My first monograph, Social Urbanism and the Politics of Violence, (Palgrave Macmillan 2015), explored the politics behind the ‘Medellín Miracle’, the dramatic reduction in violence experienced in Medellín, Colombia, which has been attributed to inclusive urban planning policies known collectively as Social Urbanism. However, rather than the ‘impact’ of the policies themselves, many involved in the city’s governance emphasise that the apparently miraculous transformation was due to co-ordinated efforts between progressive politicians, academics and activists over decades which had changed the city’s political processes in which violence had become ingrained. I have also published extensively on credit and financial subjectivity, with a particular focus on gender, risk and value. My co-edited collection Seduced and Betrayed: Exposing the Contemporary Microfinance phenomenon (University of New Mexico Press, 2017), includes critical analyses from a range of disciplines of the exclusionary effects of mainstream microfinance lending, and considers alternative approaches to inclusive finance at community and state level. I have also worked on masculinity, risk and the 2008 financial crisis, and am currently exploring how debates around cryptocurrencies recreate gendered notions of value.
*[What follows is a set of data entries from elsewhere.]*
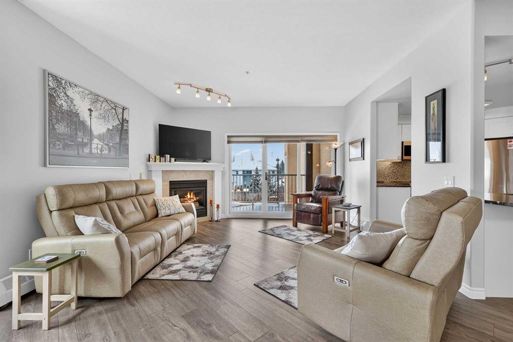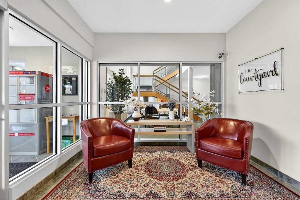 Welcome Home to The Courtyard — a Beautifully Renovated, Move-in Ready 55+ Adult Living Condo offering the perfect blend of comfort, style, and convenience. Situated on the second floor, this spacious unit features over 1,300 sq ft of thoughtfully designed living space, including 2 bedrooms, 2 full bathrooms, and a versatile den, all within a bright, open-concept layout. The sun filled interior showcases the elegant luxury vinyl plank flooring and a generous living room anchored by a cozy gas fireplace—ideal for both everyday living and entertaining. The kitchen is a true highlight, featuring stunning granite countertops, abundant cabinetry, a pull-out pantry, and custom soft-close drawers with built-in inserts, and ample space for a full dining area. The primary bedroom offers a private retreat, complete with a walk-in closet, a 4-piece ensuite, and a charming sunroom—perfect for a reading nook, hobby space, or home fitness area. Additional features include air conditioning, in-suite laundry, a separate den, and a private deck to relax and unwind. This unit also includes a heated underground parking stall and a storage locker. Residents enjoy access to excellent building amenities, including a recreation room and library.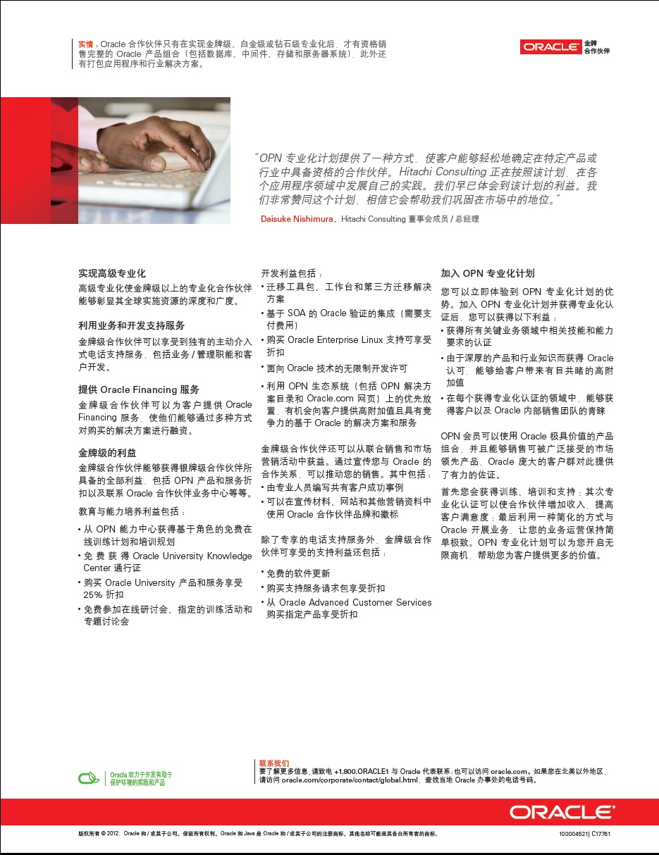 Oracle公司一直非常重視OPN合作伙伴的發(fā)展,并承諾通過(guò)業(yè)務(wù)、市場(chǎng)、培訓(xùn)、解決方案等方面的許多措施,通過(guò)不斷豐富的數(shù)據(jù)庫(kù)、中間件、管理軟件等產(chǎn)品和行業(yè)解決方案,支持合作伙伴的全面成長(zhǎng),并為合作伙伴的業(yè)務(wù)發(fā)展創(chuàng)造更多的機(jī)會(huì)。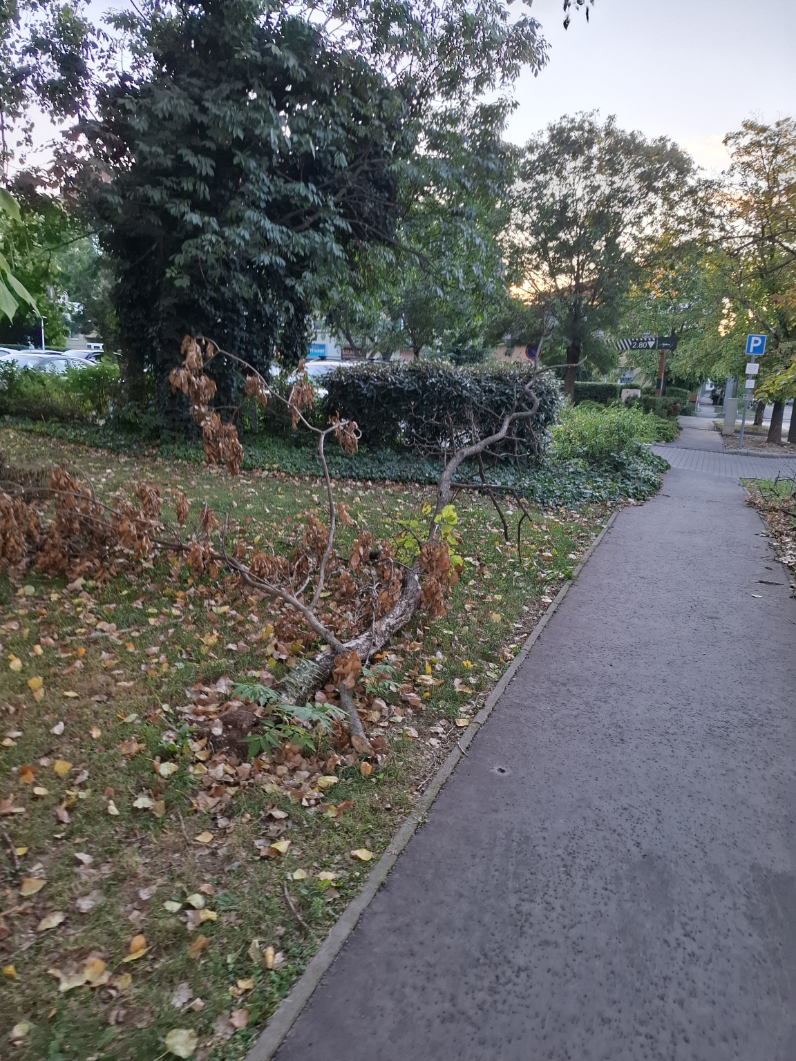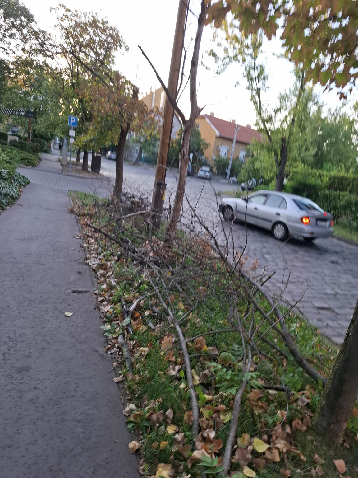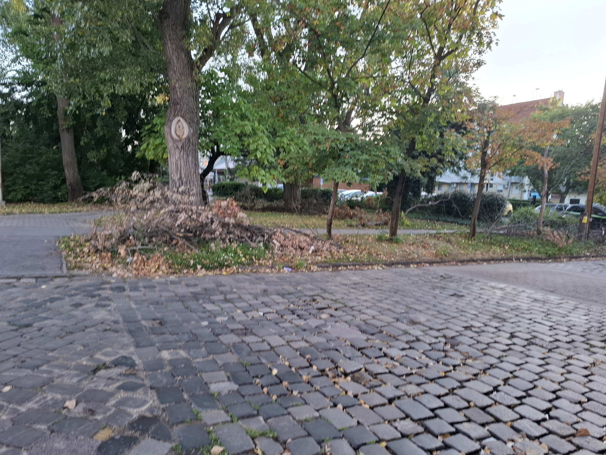 Letört vagy levágott nagy faágak vannak a megjelölt helyen.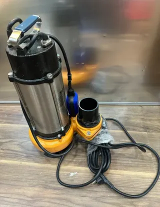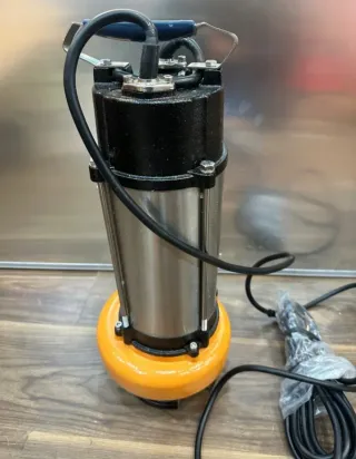 Bomba de achique sumergible con flotador. Ideal para desagües y vaciado de aguas. - Cuerpo principal de acero inoxidable. - Base de hierro naranja. - Asa de transporte azul y metálica. - Cable de alimentación negro.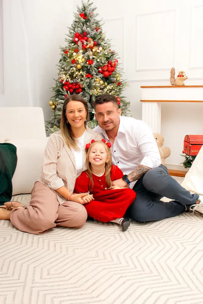 Vanessa, Aurora e Carlos Schmitt fazendo registros de Natal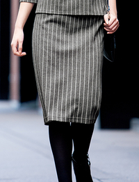 クラシカルな千鳥柄ジャカードを使い、前裾のアシンメトリーなデザインで遊びを添えたラップ風スカート。ストレッチ性のある生地で動きやすいのも魅力。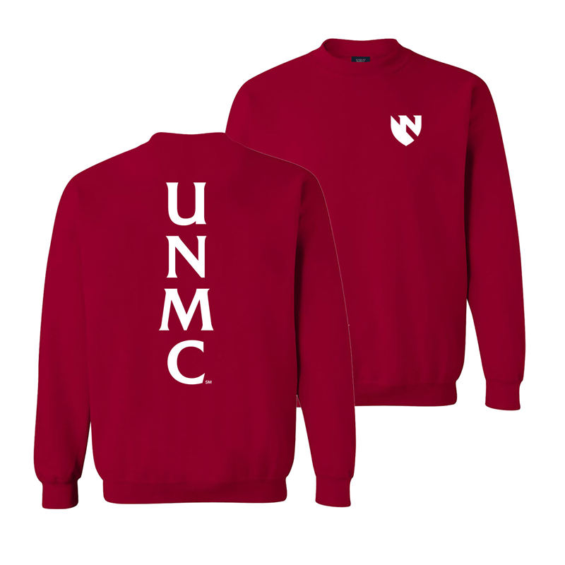 UNMC Crimson Core Crew • 7.1 oz., 60/40 cotton/polyester fleece • Rib knit neck trim, cuffs & waistband • Classic Fit • Available in sizes S through 3XL

I have an interdisciplinary background with degrees in philosophy, politics, and women’s studies, and have held academic positions in the geography departments of King’s College London, Northumbria University and Birkbeck, where I was Director of Birkbeck Gender Sexuality (BiGS). My regional focus is Latin America, but I have also lived and worked in Paris, Barcelona, and Bangkok, and conducted consultancies in Mali, Burkina Faso and Ciudad Juárez, Mexico. I joined the IGP in August 2022, and am currently Chair of the Gender and Feminist Geographies Research Group of the Royal Geographical Society.

As of July 2023, I am Editor of Gender, Place and Culture: A journal of feminist geography

I am accepting PhD applicants on topics including economic diversity, gender and leadership, urban governance and inclusive approaches to finance.